Because they fear they are losing their minds and worry about what other people will think of them, they do not seek help or reach out to people who are close to them. They suffer in silence. For those who do reach out to the people around them the response is often not supportive. “You need to get a grip.” “Buck up.” “Be an man.” “Don’t be overly dramatic.” “Oh you’re such a drama queen.” “You need to relax. “You need a night out.” “Are you crazy or something?” “Just think positive thoughts and you’ll be fine.” Let me be very clear, the likelihood of being able to be positive or have positive thoughts in the middle of a panic attack is less likely than finding water in the middle of a desert. If you went through the symptoms I described, were terrified of them, were scared you were going to die because of them, were afraid of how people would react if they found out, and then built of the courage to reach out anyway and got responses like these, what do you think it would do to you? This is why the stigma around mental health has to end.

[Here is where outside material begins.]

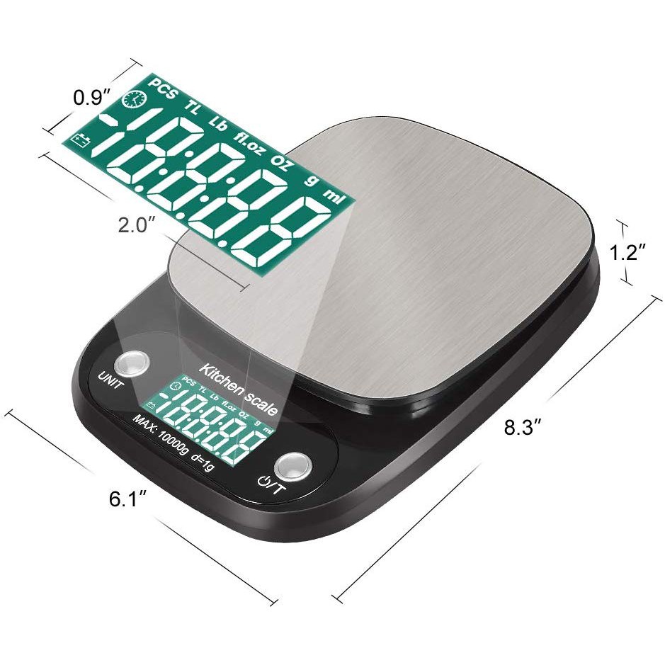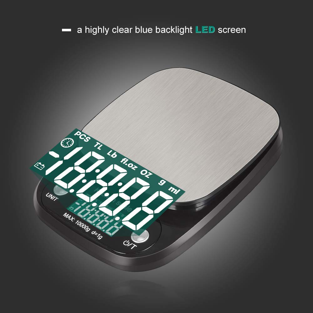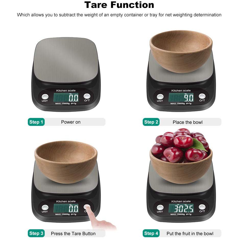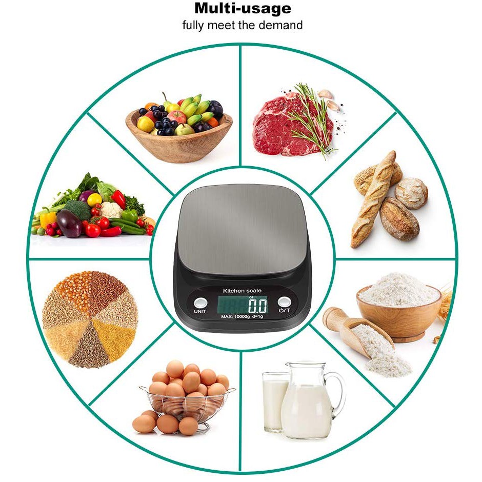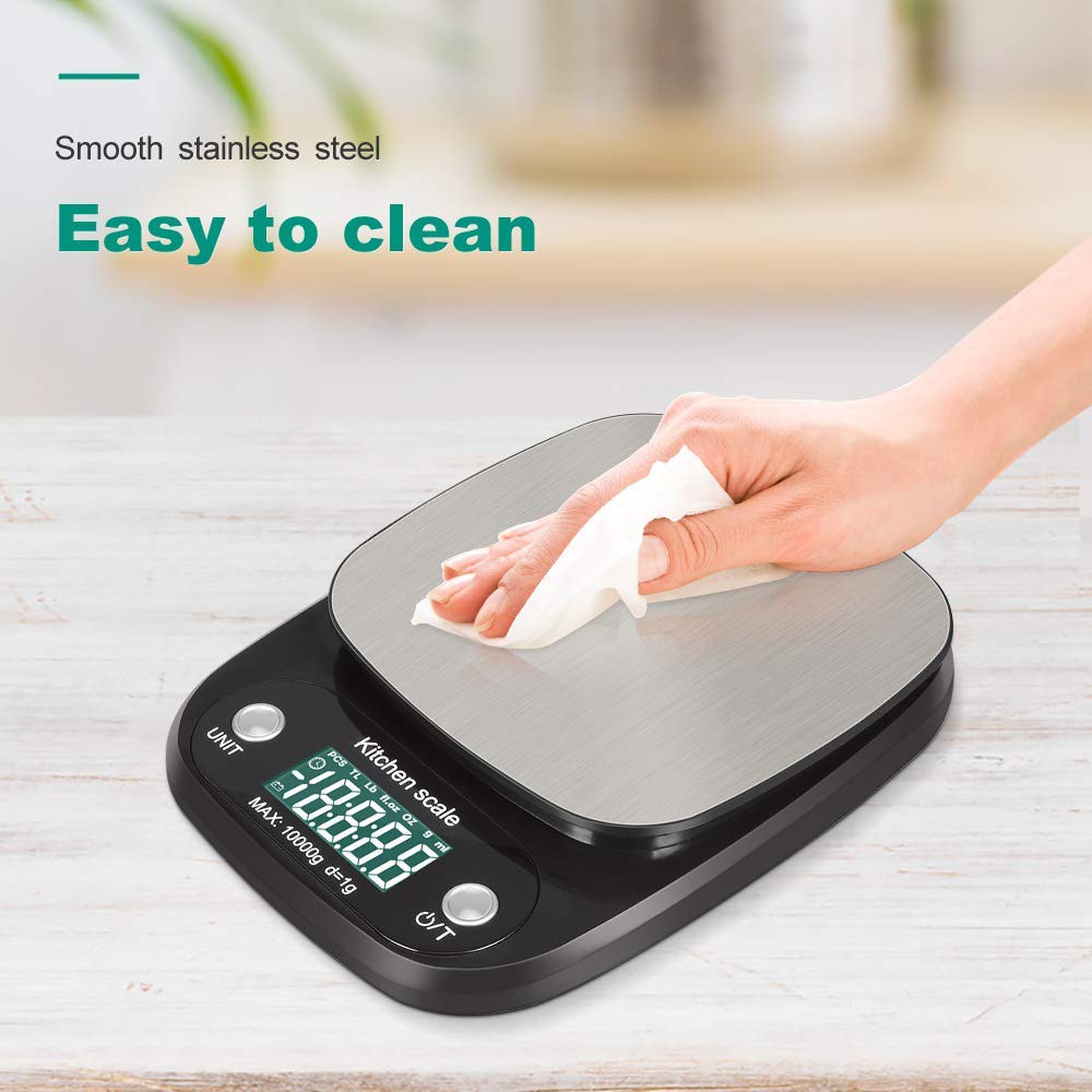 10kg/1g Digital Kitchen Scale Stainless Steel Food Weighing Scale Baking Cooking LCD Display

For some people panic can happen due having to a phobia like being around spiders, leaving their homes, or crossing bridges. For others this might happen if they are in a situation that is reminds them of a time they were endangered (i.e. being in the car several days after being in a car accident). Sometimes, for some people there is no obvious cause, it just happens. The reality is that people who experience situations like this are having panic attacks and this is a form of anxiety. It does not mean they are going crazy or losing their minds. Anxiety and panic never causes people to lose touch with reality, what people feel when they experience these conditions is really happening inside them.
While panic attacks and anxiety symptoms do mimic symptoms of heart attacks (and if one is not sure whether they are having a heart attack or not they should report to the ER); anxiety and panic attacks are not deadly. They just feel really terrifying. Anxiety and panic are treatable conditions. With counselling and psychotherapy sometimes along with other forms of treatment people, who experience these conditions can learn to manage their panic symptoms and handle anxiety so they can live productive, fulfilling lives.